- [Your instructions]:
The required result is an exact copy of every line from the one with "Kompozycja: Witamina C" through the last line below, with the pictures left out.

- [Provided material]:

================

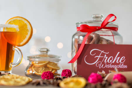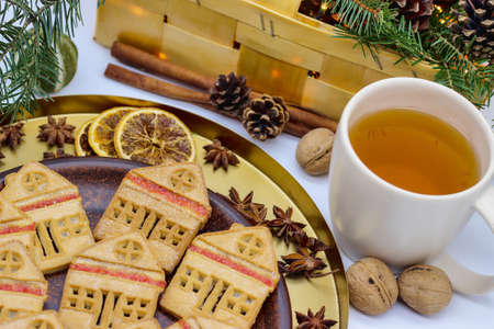 Christmas eve. Cookies in shape of houses and white cup of tea
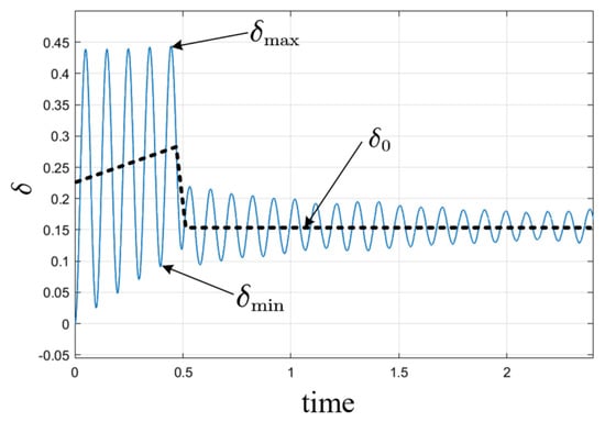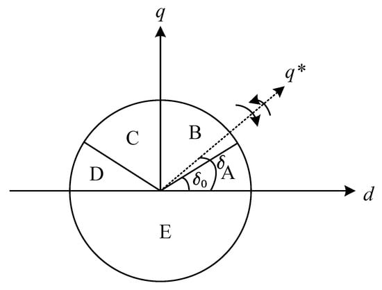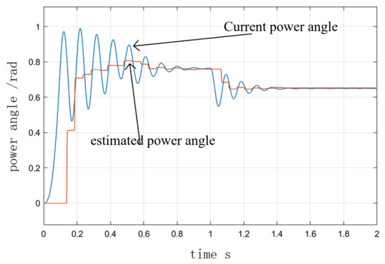 When and , record the value of the power angle at this moment as . When and , record the value of the power angle at this moment as . From Formula (19), it can be seen that the stable power angle is related to the speed and the load. When the torque load is constant, only the speed affects the power angle. It can be considered that the stable point of the power angle also changes uniformly with time in the stage of uniform acceleration. When the speed is at a constant speed, the stable point of the power angle remains unchanged.
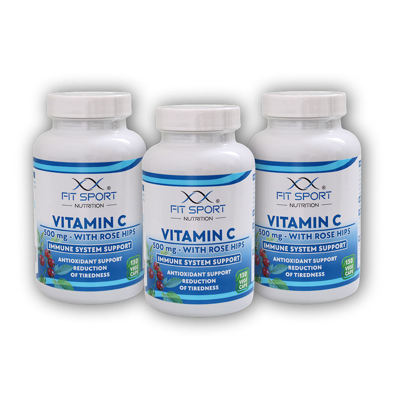 Kompozycja: Witamina C (kwas L-askorbinowy), kapsułka warzywna (HPMC), środek przeciwzgniatkowy: stearyan magnezu, ekstrakt z proszku z dzikiej róży 5:1 (owoc).
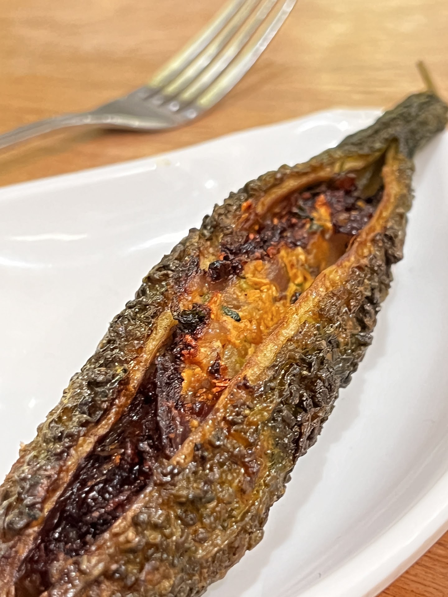 First of all, the menu is outstanding. There are dishes that you will never find on the menu of any other restaurant. We had Chicken Paratha Fold, Masaledar Bharwa Karela (bitter melon; literally as good as my mom’s, but it’s an acquired taste), and Kori Gasi (a south Indian chicken curry). Everything was outstanding (except for one small thing: the paratha did not appear to be fresh). I loved the attention to detail in everything else. They have the very best green chutney (cilantro-mint) and red chutney (tamarind) I have ever eaten in any Indian restaurant in the US (and I’ve lived here more than 40 years).

================

- [Exercise response]:
 Kompozycja: Witamina C (kwas L-askorbinowy), kapsułka warzywna (HPMC), środek przeciwzgniatkowy: stearyan magnezu, ekstrakt z proszku z dzikiej róży 5:1 (owoc).
 First of all, the menu is outstanding. There are dishes that you will never find on the menu of any other restaurant. We had Chicken Paratha Fold, Masaledar Bharwa Karela (bitter melon; literally as good as my mom’s, but it’s an acquired taste), and Kori Gasi (a south Indian chicken curry). Everything was outstanding (except for one small thing: the paratha did not appear to be fresh). I loved the attention to detail in everything else. They have the very best green chutney (cilantro-mint) and red chutney (tamarind) I have ever eaten in any Indian restaurant in the US (and I’ve lived here more than 40 years).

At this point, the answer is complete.